Linux/OS X Support

Hi Handmade Hero friends

SDL Handmade does run on Linux and OS X but requires some small changes to Casey's code. We are looking for volunteers to bring these GCC/LLVM issues to Casey's attention during the stream.

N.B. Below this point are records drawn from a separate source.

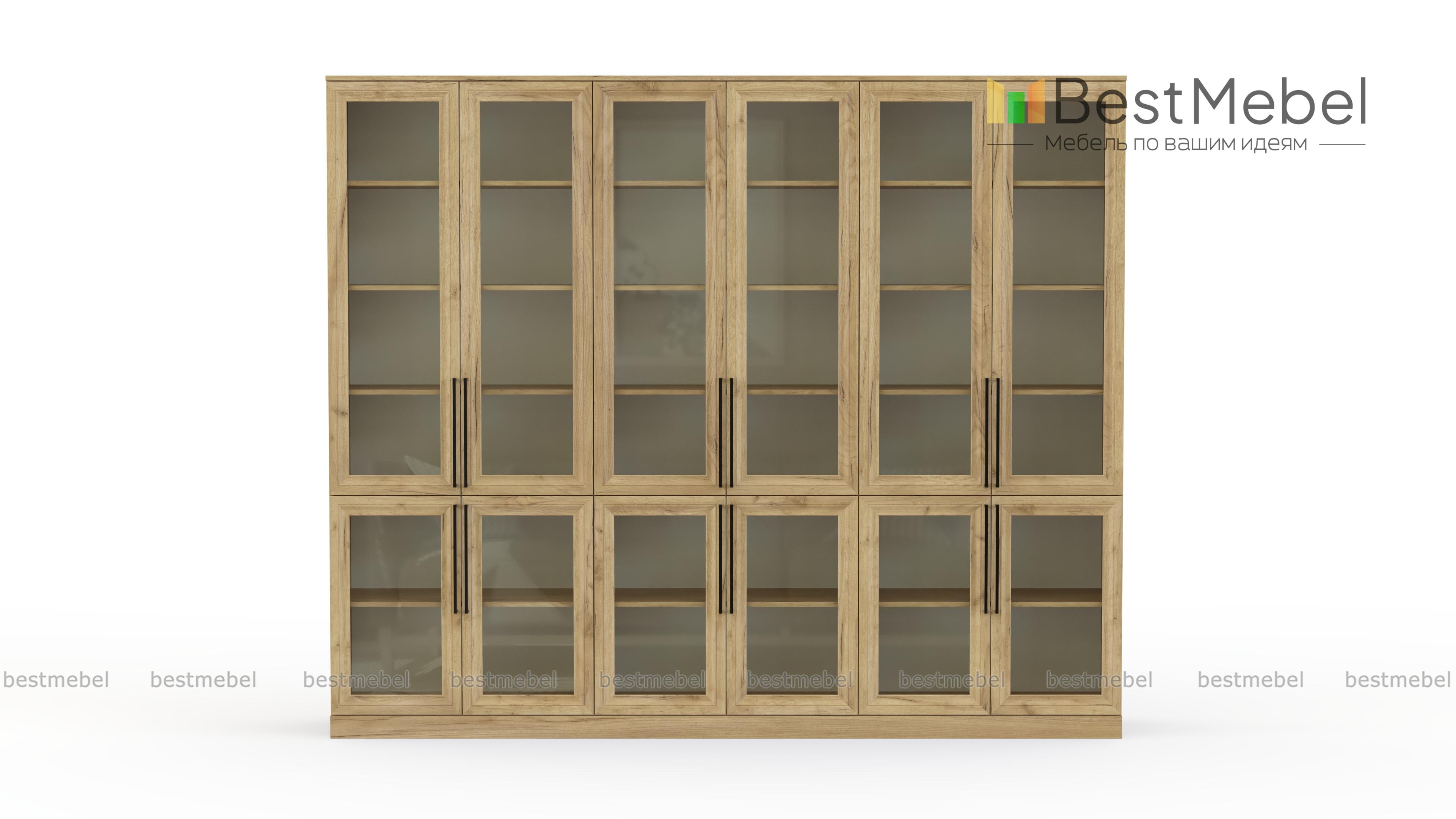 Шкаф книжный Рим 5 BMS с застекленным фасадом будет востребован в домашнем интерьере, офисе или библиотеке. Внутри шести распашных отделений — больших и малых, расположены полки для книг и журналов, документов, предметов коллекции и других памятных вещей. На дверцы классического дизайна с фрезерованными рамками установлены удлиненные стильные ручки. Купить шкаф книжный Рим 5 BMS с выбором размеров, цвета и фурнитуры вы сможете в нашем интернет-магазине.
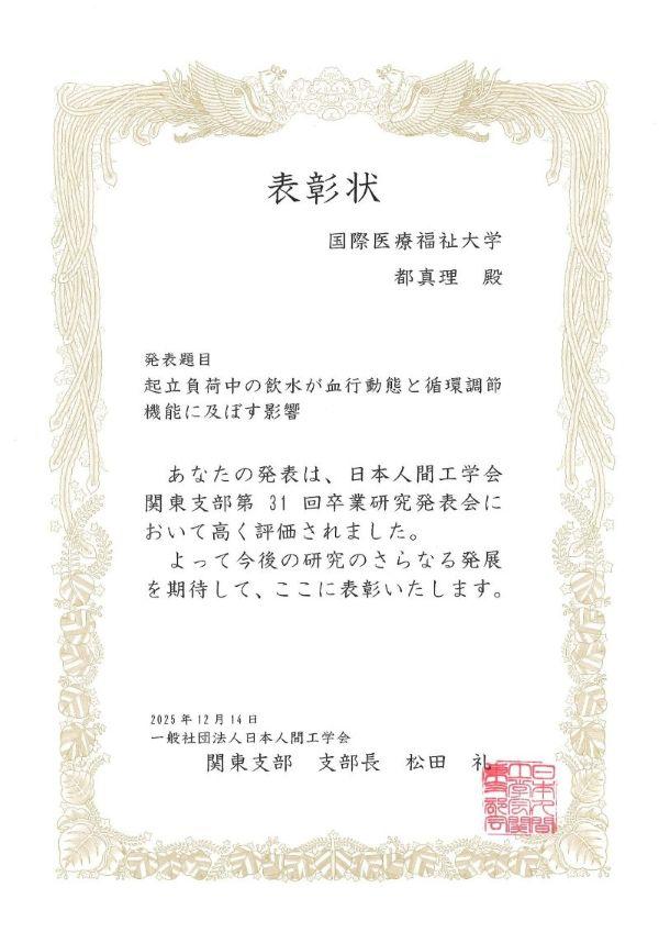 窪田ゼミの学生たちは、チームで実験、データ分析、プレゼンテーション準備に取り組み、研究室を代表して都真理さんが発表を担当しました。発表後、会場では複数の研究者から質問が寄せられ、研究の今後の展開に期待する声も聞かれました。さらに、発表内容が高く評価され、優秀演題として表彰されました。窪田ゼミは昨年度・一昨年度も表彰されており、今年度で3年連続の快挙となります。
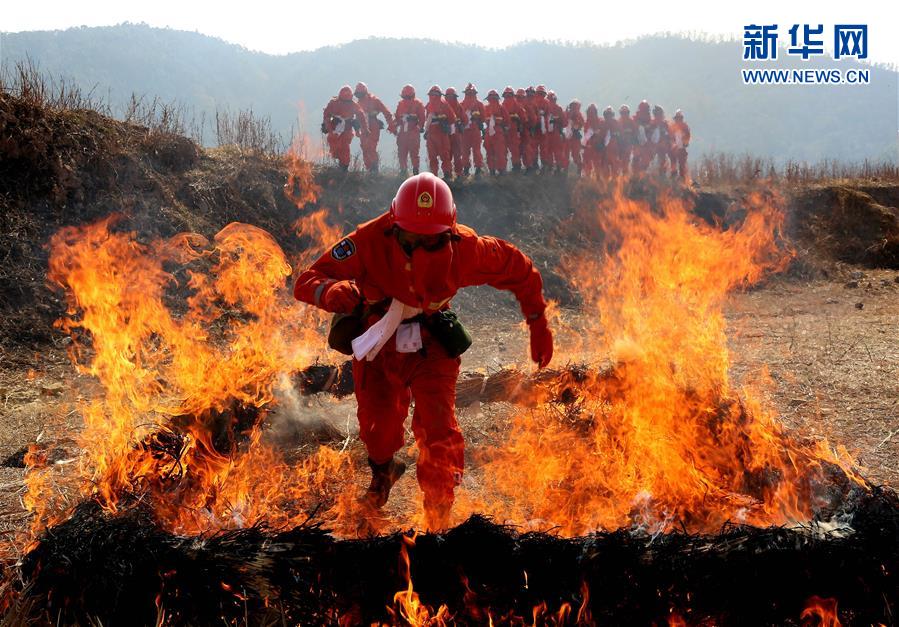 新华社照片,凉山(四川),2016年2月16日四川凉山举行森林灭火演练2月16日,武警凉山森林支队官兵在西昌市西乡林区进行火场心理训练。
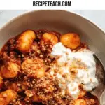 - Serve: Spoon the gnocchi and meaty tomato sauce into bowls. Top each serving with a generous dollop of the herbed ricotta and sprinkle with golden crispies to add a delightful crunch.
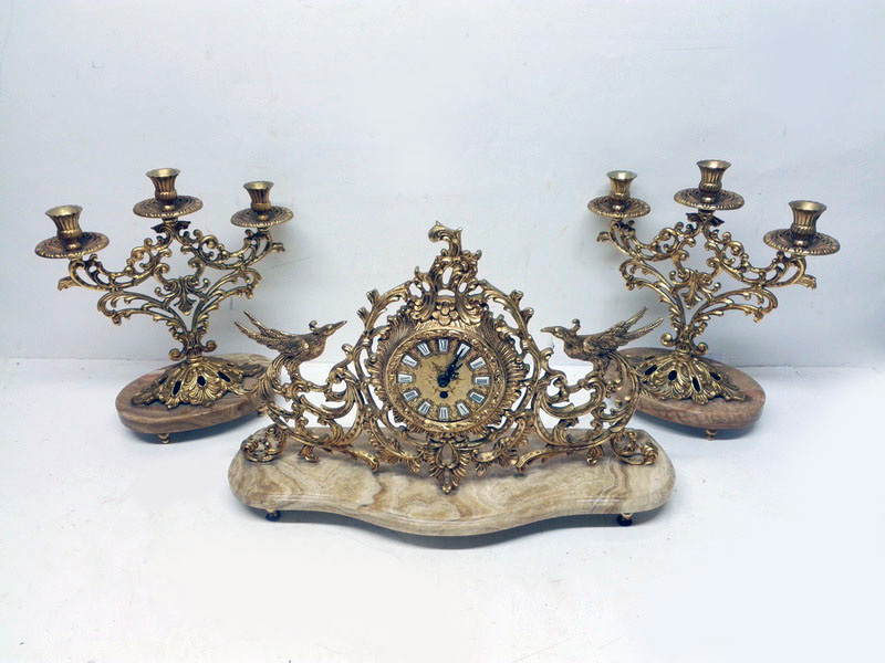 Juego Reloj Candelabros Metal Marmol

Currently the following methods needs to be implemented in handmade_platform.h
 1
 2
 3
 4
 5
 6
 7
 8
 9
10
11
12
13
14
15
16
17
18
19
20
21
22
23
24
inline u64 AtomicExchangeU64(u64 volatile *Value, u64 New)
{
    u64 Result = __sync_lock_test_and_set(Value, New);
    return(Result);
}
inline u64 AtomicAddU64(u64 volatile *Value, u64 Addend)
{
    u64 Result = __sync_fetch_and_add(Value, Addend);
    return(Result);
}
inline u32 GetThreadID(void)
{
    u32 ThreadID;
#if defined(__APPLE__)
    asm("mov %%gs:0x00,%0" : "=r"(ThreadID));
#elif defined(__i386__)
    asm("mov %%gs:0x08,%0" : "=r"(ThreadID));
#elif defined(__x86_64__)
    asm("mov %%fs:0x10,%0" : "=r" (ThreadID));
#else
#error Unsupported architecture
#endif
    return ThreadID;
}


Also in handmade_platform.h a cast is needed as __FUNCTION__ is a const char *
1
#define TIMED_FUNCTION(...) TIMED_BLOCK_((char *)__FUNCTION__, __LINE__, ## __VA_ARG


In handmade_debug.cpp _snprintf_s should be replaced by snprintf but this will be solved once the dependency to stdio is removed.

/Kim
"#if defined(__APPLE__)" needs to be replaced with "#if defined(__APPLE__) && defined(__x86_64__)". Just in case somebody will want to port HH to iOS.

MSVC2013 has _snprintf function that is almost like snprintf (it misses just a few exotic formatters). So instead of using ugly _snprintf_s function, we could use this:
1
2
3
#if COMPILER_MSVC
#define snprintf _snprintf
#endif

And then use snprintf in all places. Then nobody will have issues on OSX, Linux or even MinGW on Windows.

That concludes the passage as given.